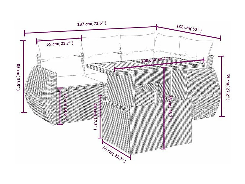Salon de jardin 5 pcs avec coussins gris résine tressée
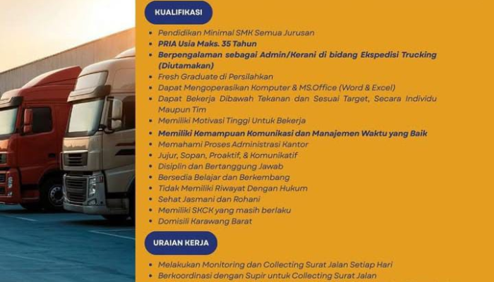- Pengalaman: Berpengalaman sebagai Admin/Kerani di bidang ekspedisi trucking (diutamakan), namun lulusan baru (Fresh Graduate) dipersilakan melamar.
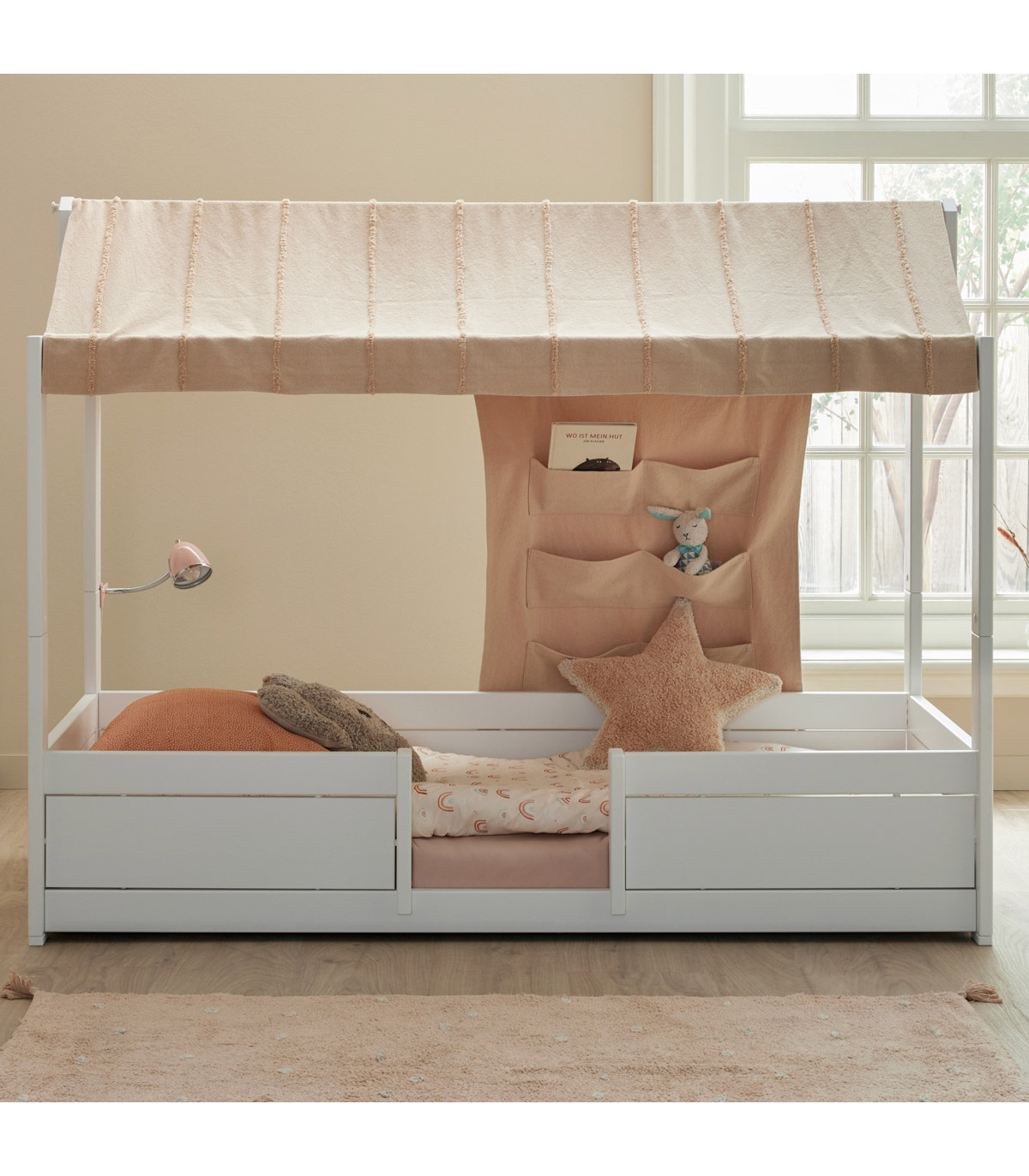 Bewahren Sie Ihre Sachen in diesem hübschen Betttaschen-Kleiderbügel von LIFETIME Kidsrooms auf. Der Taschenaufhänger kann an der Oberseite des Bettes angebracht werden, sodass Sie oder Ihr Kind bequem auf den Stauraum zugreifen können. Eine einfache und praktische Möglichkeit, Dinge im Bett aufzubewahren, ohne dabei Platz im Bett zu beanspruchen.
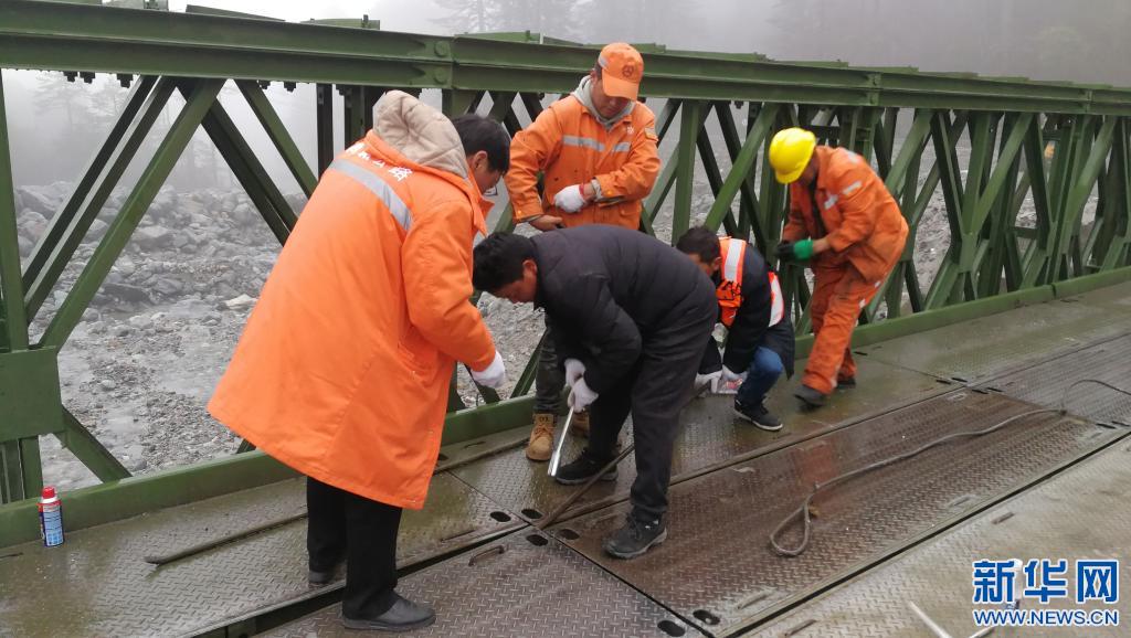 湯剛旦(右)和同事在果扎拉山執(zhí)行搶險(xiǎn)保通任務(wù)(2020年5月13日攝)。新華社發(fā)
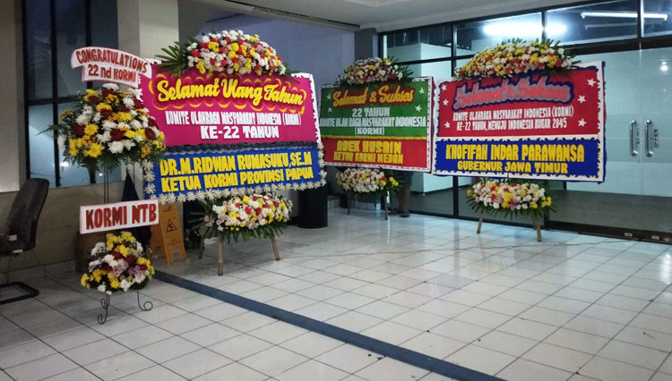 Terlihat karangan bunga yang dikirim oleh Gubernur Provinsi Jawa Timur Khofifah Indar Parawansa yang mengucapkan selamat dan sukses KORMI ke-22 tahun, menuju Indonesia Bugar tahun 2045.

----------

WHAT TO WORK ON: Please repeat the entries exactly. Do not include the pictures.

EXERCISE ANSWER:
Salon de jardin 5 pcs avec coussins gris résine tressée
- Pengalaman: Berpengalaman sebagai Admin/Kerani di bidang ekspedisi trucking (diutamakan), namun lulusan baru (Fresh Graduate) dipersilakan melamar.
 Bewahren Sie Ihre Sachen in diesem hübschen Betttaschen-Kleiderbügel von LIFETIME Kidsrooms auf. Der Taschenaufhänger kann an der Oberseite des Bettes angebracht werden, sodass Sie oder Ihr Kind bequem auf den Stauraum zugreifen können. Eine einfache und praktische Möglichkeit, Dinge im Bett aufzubewahren, ohne dabei Platz im Bett zu beanspruchen.
 湯剛旦(右)和同事在果扎拉山執(zhí)行搶險(xiǎn)保通任務(wù)(2020年5月13日攝)。新華社發(fā)
 Terlihat karangan bunga yang dikirim oleh Gubernur Provinsi Jawa Timur Khofifah Indar Parawansa yang mengucapkan selamat dan sukses KORMI ke-22 tahun, menuju Indonesia Bugar tahun 2045.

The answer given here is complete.